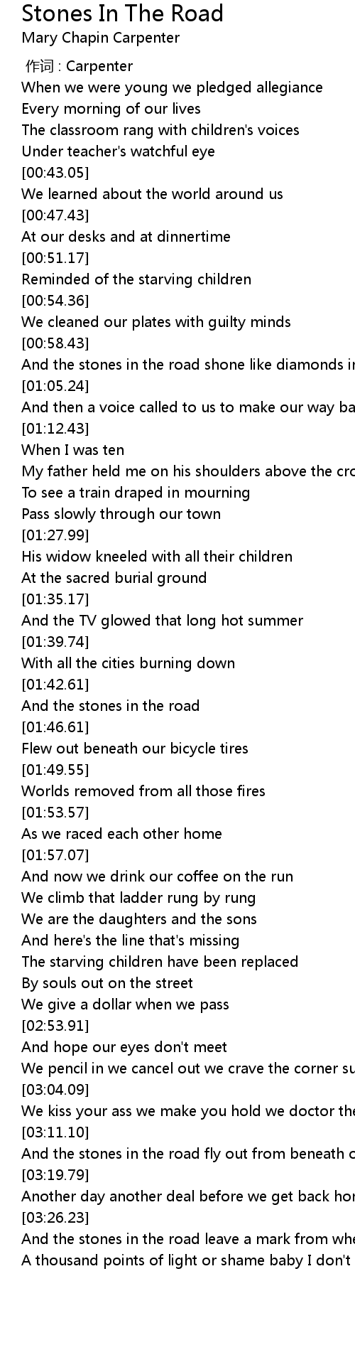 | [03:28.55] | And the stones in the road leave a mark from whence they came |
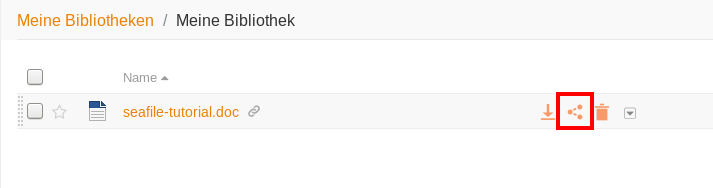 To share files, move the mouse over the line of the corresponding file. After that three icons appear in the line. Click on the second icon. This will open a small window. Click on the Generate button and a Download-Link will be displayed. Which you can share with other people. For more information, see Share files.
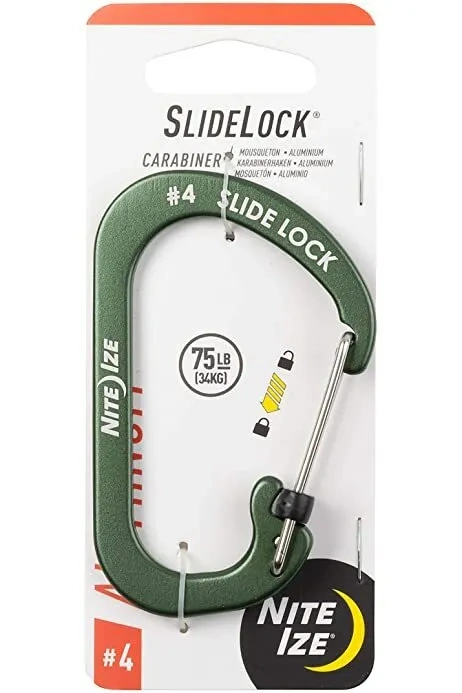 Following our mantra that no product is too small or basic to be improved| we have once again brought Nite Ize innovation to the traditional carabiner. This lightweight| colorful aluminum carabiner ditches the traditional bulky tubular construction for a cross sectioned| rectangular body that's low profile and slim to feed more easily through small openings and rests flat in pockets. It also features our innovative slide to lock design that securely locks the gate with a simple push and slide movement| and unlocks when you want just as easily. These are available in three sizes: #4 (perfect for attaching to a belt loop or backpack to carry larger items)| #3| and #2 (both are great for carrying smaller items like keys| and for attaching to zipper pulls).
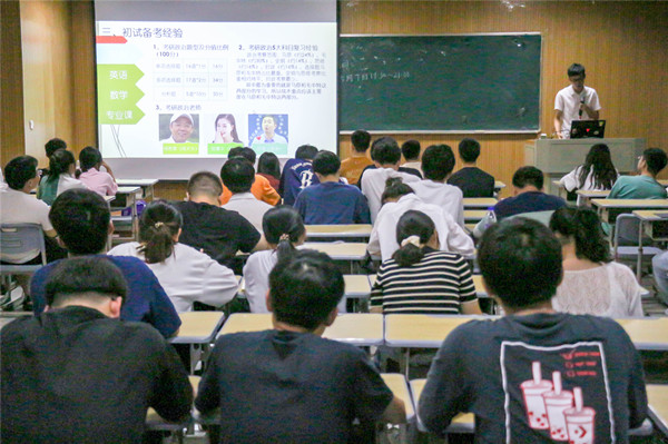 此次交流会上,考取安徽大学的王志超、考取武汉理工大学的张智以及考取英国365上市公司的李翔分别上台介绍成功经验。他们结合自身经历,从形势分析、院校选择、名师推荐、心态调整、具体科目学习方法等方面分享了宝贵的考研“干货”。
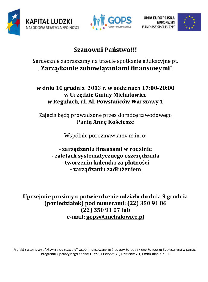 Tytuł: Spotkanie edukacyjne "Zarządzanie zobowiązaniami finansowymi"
************
Reproduce only the lines from the line that holds "Following our mantra" through the end of the records, exactly as they stand, both ends included and pictures excluded.

=== Response area ===
 Following our mantra that no product is too small or basic to be improved| we have once again brought Nite Ize innovation to the traditional carabiner. This lightweight| colorful aluminum carabiner ditches the traditional bulky tubular construction for a cross sectioned| rectangular body that's low profile and slim to feed more easily through small openings and rests flat in pockets. It also features our innovative slide to lock design that securely locks the gate with a simple push and slide movement| and unlocks when you want just as easily. These are available in three sizes: #4 (perfect for attaching to a belt loop or backpack to carry larger items)| #3| and #2 (both are great for carrying smaller items like keys| and for attaching to zipper pulls).
 此次交流会上,考取安徽大学的王志超、考取武汉理工大学的张智以及考取英国365上市公司的李翔分别上台介绍成功经验。他们结合自身经历,从形势分析、院校选择、名师推荐、心态调整、具体科目学习方法等方面分享了宝贵的考研“干货”。
 Tytuł: Spotkanie edukacyjne "Zarządzanie zobowiązaniami finansowymi"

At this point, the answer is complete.